Le directeur général de l'Organisation mondiale de la santé (OMS), Tedros Adhanom Ghebreyesus, a fait savoir que les États-Unis n'ont toujours pas réglé leurs cotisations, un prérequis essentiel pour que le retrait du pays soit validé. Cette situation se complexifie à l'approche de la réunion de l'Assemblée mondiale de la santé à Genève.
En janvier 2025, peu après sa réélection, le président américain Donald Trump a signé un décret annonçant le retrait des États-Unis de l'OMS, effectif depuis le 22 janvier. Toutefois, l'OMS ne peut approuver ce retrait tant que les arriérés, s'élevant à environ 220 millions d'euros (260 millions de dollars), ne seront pas payés, selon les données de l'organisation.
« Le retrait américain est conditionné par la notification, faite un an à l'avance, et par le paiement des arriérés », a précisé Ghebreyesus lors d'une conférence de presse.
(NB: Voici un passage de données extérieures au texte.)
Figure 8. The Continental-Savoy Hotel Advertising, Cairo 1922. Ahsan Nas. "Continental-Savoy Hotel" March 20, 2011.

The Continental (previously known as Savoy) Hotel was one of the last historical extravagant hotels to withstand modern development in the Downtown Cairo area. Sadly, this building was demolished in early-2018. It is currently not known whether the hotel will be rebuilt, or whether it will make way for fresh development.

Il a exprimé l'espoir que les États-Unis se conformeront à ces obligations, mais aucune communication n'a encore été reçue de leur part.
Parallèlement, le secrétaire à la Santé américain, Robert Kennedy Jr., et Marco Rubio ont critiqué l'OMS, reprochant à l'organisation de ne pas avoir géré efficacement la pandémie de Covid-19. En mai 2025, Kennedy Jr. a également pointé du doigt l'influence de la Chine et de l'industrie pharmaceutique sur l' OMS, ce qui complique les relations entre l'agence et les États-Unis.
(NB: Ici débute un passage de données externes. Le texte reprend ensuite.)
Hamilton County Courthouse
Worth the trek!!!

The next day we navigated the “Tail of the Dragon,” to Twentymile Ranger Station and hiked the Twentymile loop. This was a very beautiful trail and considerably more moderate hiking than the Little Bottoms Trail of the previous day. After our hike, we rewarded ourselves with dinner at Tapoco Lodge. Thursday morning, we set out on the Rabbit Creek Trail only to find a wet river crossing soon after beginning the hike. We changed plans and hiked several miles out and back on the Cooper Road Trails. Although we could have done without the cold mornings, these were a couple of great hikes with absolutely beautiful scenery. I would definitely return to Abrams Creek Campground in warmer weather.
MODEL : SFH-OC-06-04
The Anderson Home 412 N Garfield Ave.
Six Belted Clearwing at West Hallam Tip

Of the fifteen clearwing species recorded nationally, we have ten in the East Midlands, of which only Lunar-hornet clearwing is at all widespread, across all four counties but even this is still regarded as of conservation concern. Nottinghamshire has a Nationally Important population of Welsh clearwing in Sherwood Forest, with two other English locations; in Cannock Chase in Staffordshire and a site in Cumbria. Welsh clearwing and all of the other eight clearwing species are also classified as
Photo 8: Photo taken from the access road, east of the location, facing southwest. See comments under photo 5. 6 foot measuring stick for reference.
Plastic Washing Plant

Ressources et réorganisation budgétaire
Les États-Unis ont longtemps été le principal bailleur de l'OMS, mais plusieurs autres pays ont également diminué leur soutien, plaçant l'organisation dans une position financière précaire. En conséquence, l'OMS a révisé son budget 2026-2027, le réduisant de 5,3 milliards à 4,2 milliards de dollars, entraînant une réorganisation massive avec près de 1 300 postes supprimés dans le monde.
« Notre financement est assuré à 85 %, et nous avons mis en place des mesures pour maîtriser nos dépenses », a expliqué Raul Thomas, sous-directeur général de l'OMS. Il a ajouté qu'ils espèrent arriver à réunir les 15% restants, bien que cela semble difficile.
Alors que les discussions s'animent autour de ce thème lors de la prochaine Assemblée mondiale de la santé, il est clair que le sort du financement américain à l'OMS pourrait avoir des répercussions sur la santé mondiale à l'avenir.